Can You Trust an AI Note Taker? How Krisp Handles Your Private Conversations

If you’ve ever used an AI note‑taking app, you’ve probably wondered where your recordings actually go. Most of these tools upload audio to the cloud for processing, which means a company—and sometimes its subcontractors—can access, store, and even analyse your conversations. For people who discuss sensitive work topics, medical information, or personal matters, that’s a reasonable concern. Krisp has been marketing itself as a privacy‑first alternative, claiming it never sends your audio anywhere. Here’s what that claim really means and how it compares to the alternatives.

What Happened: Krisp’s Privacy‑First Approach

Krisp is an AI transcription and note‑taking tool that runs entirely on your device. According to the company, no audio leaves your computer or phone; all speech‑to‑text processing happens locally, using on‑device AI models. That’s a key difference from most competitors. Otter.ai, for example, uploads recordings to its servers for transcription, and Rev uses human reviewers who listen to clips. Krisp also states it is GDPR‑compliant and offers end‑to‑end encryption for any metadata that does need to be transmitted (such as account information). Users can delete transcripts and any stored audio immediately from within the app, and the company says it does not retain recordings on its infrastructure.

Why It Matters

The way your audio is handled determines how much control you have over it. With cloud‑based transcription, the provider can access the raw recording, and you depend on their security practices and data retention policies. Even if they promise to delete files after transcription, copies may remain on backup servers or be shared with third‑party processors. For journalists, lawyers, healthcare workers, or anyone in a confidential meeting, that risk can be unacceptable.

Krisp’s on‑device processing removes that central point of vulnerability. Because the audio never leaves your machine, there is no server to hack, no cloud storage to leak, and no third‑party worker to accidentally overhear a sensitive discussion. That doesn’t make it invulnerable—if your device itself is compromised, the audio could still be exposed—but it shifts the security boundary from a company’s data centre to your own system, where you have more direct control.
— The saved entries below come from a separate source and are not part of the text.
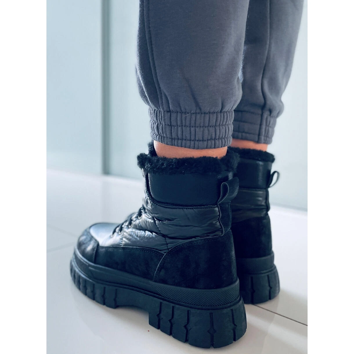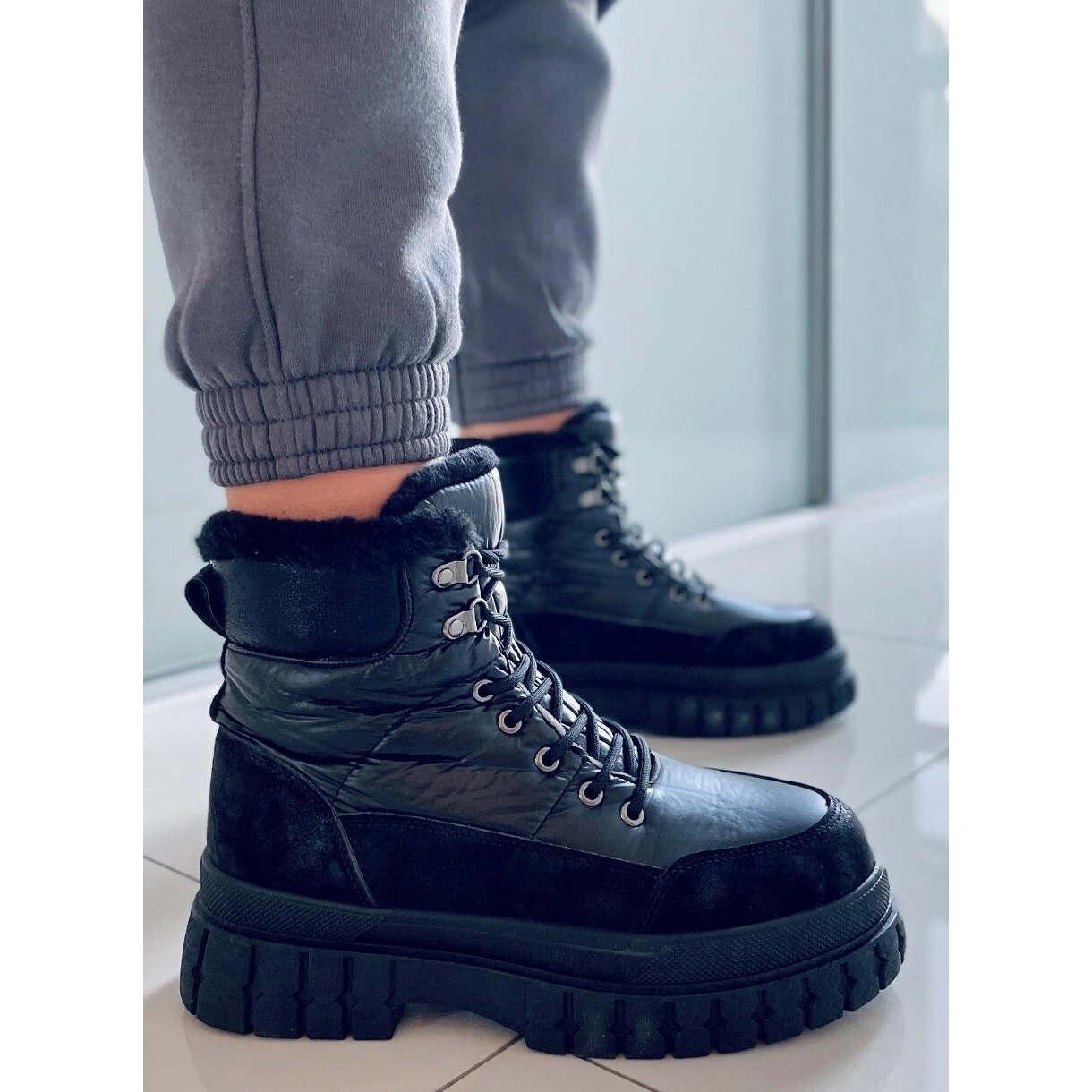 Bottes à lacets pour femmes – bottes de neige à semelles hautes. C’est un modèle unique au caractère sportif et à l’isolation épaisse, qui apportera chaleur et confort les jours les plus froids… Dans ces chaussures, l’hiver ne vous fera pas peur ! Matériau extérieur – daim écologique + tissu en nylon.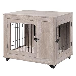 beeNbkks Furniture Style Dog Crate, Double Doors Wooden Wire Dog Kennel End Table, Pet Crate with Soft Bed, Decorative Dog House Pet Furniture Indoor Use Buy Now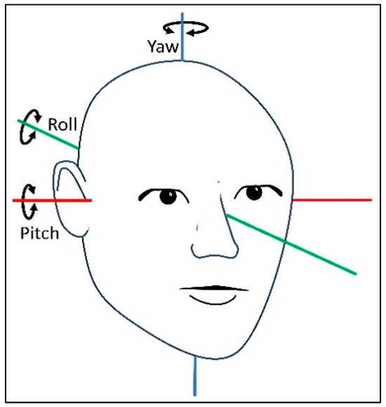 The three axes of rotation describing the orientation of the human head. Movements around the pitch, roll, and yaw axes describe the orientation of the human head.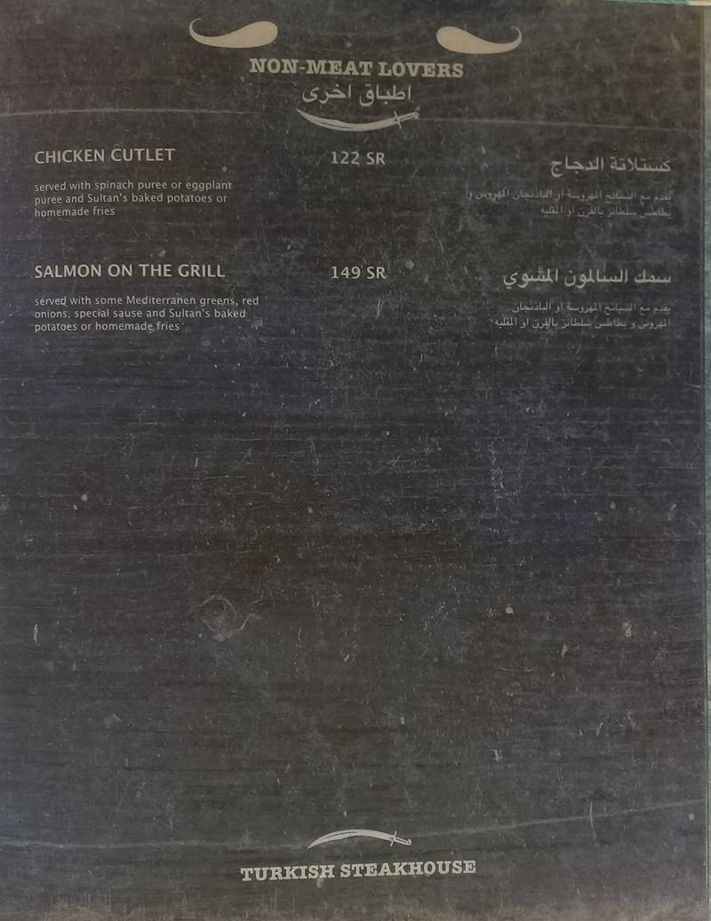 منيو سلطان ستيك هاوس الرياض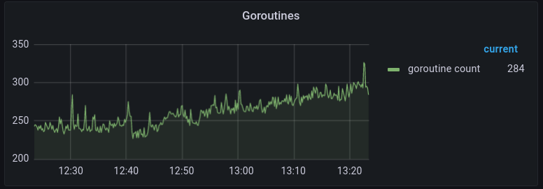 Tracks the total number of active goroutines being used by Go Centurion. Goroutines are lightweight threads managed by the Go runtime, they allow processes to execute concurrently.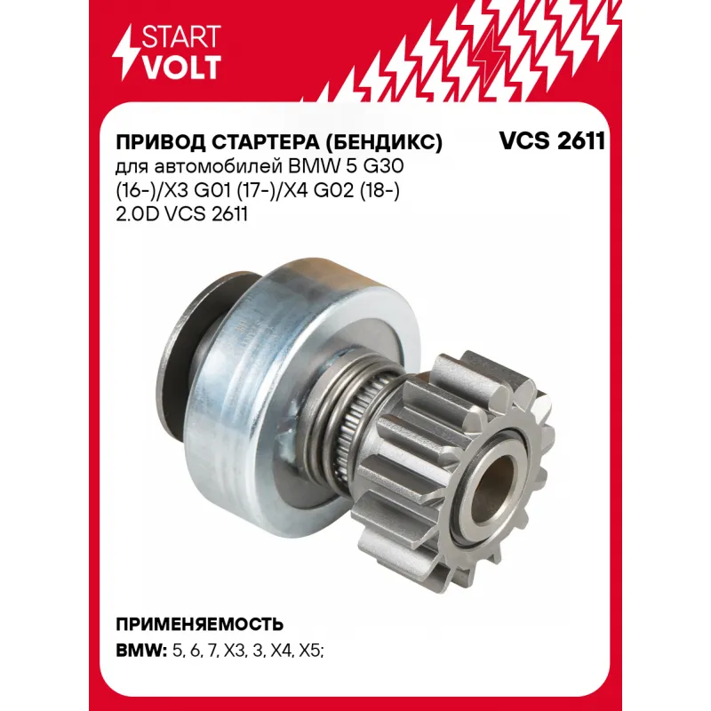 Привод стартера (бендикс) для автомобилей BMW 5 G30 (16-)/X3 G01 (17-)/X4 G02 (18-) 2.0D VCS 2611 StartVolt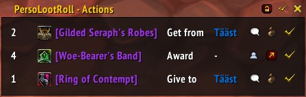 Whenever an item drops for someone in your group that might be an upgrade for you, you will get a good old Need-Greed-Pass roll window (remember those? :P) to decide if you want it or not. Rolling "Need" or "Greed" will add the item to your actions list (see below) for easy asking and trading, and optionally automatically send a whisper message to the owner asking for the item. If the owner uses PLR or another compatible addon as well, then all this happens in the background without need for whisper messages.

The trade‑off is accuracy and features. On‑device AI models are smaller and less powerful than the vast language models running in the cloud. You may notice more transcription errors, especially with accents, technical jargon, or multiple speakers. Krisp also lacks some advanced features like automatic speaker identification or search across a library of transcripts, which cloud‑based tools offer by processing data centrally.

What Readers Can Do

If you’re evaluating an AI note taker for privacy‑sensitive conversations, consider these practical steps:

  • Check where processing happens. Look for tools that advertise “on‑device” or “local” processing. If the only way to tell is buried in a privacy policy, treat that as a red flag. Krisp is transparent about local processing, but not all competitors are.
  • Review data retention and deletion. Even with cloud tools, you can often set auto‑deletion after a certain period. Krisp lets you delete transcripts and audio immediately. Otter.ai has a bulk delete function, but archived data may persist in backups.
  • Use end‑to‑end encryption when possible. For any tool that transmits data, ensure the connection is encrypted. Krisp uses E2E encryption for account data; for cloud‑based note takers, check if they offer E2E for recordings as well.
  • Avoid using cloud‑based tools for truly confidential talks. If you’re discussing something that could cause harm if leaked, stick to tools that never upload the audio. A local‑only app like Krisp (or a simple voice recorder and a manual transcription) is safer than any cloud service.
  • Keep your own device secure. On‑device processing is only as safe as your computer or phone. Use strong passwords, enable disk encryption, and keep your operating system and apps updated. If someone gains remote access to your machine, they can retrieve the local files.

Sources

FinancialContent. “Privacy‑First AI Note Taker: How Krisp Keeps Your Conversations Secure.” May 19, 2026.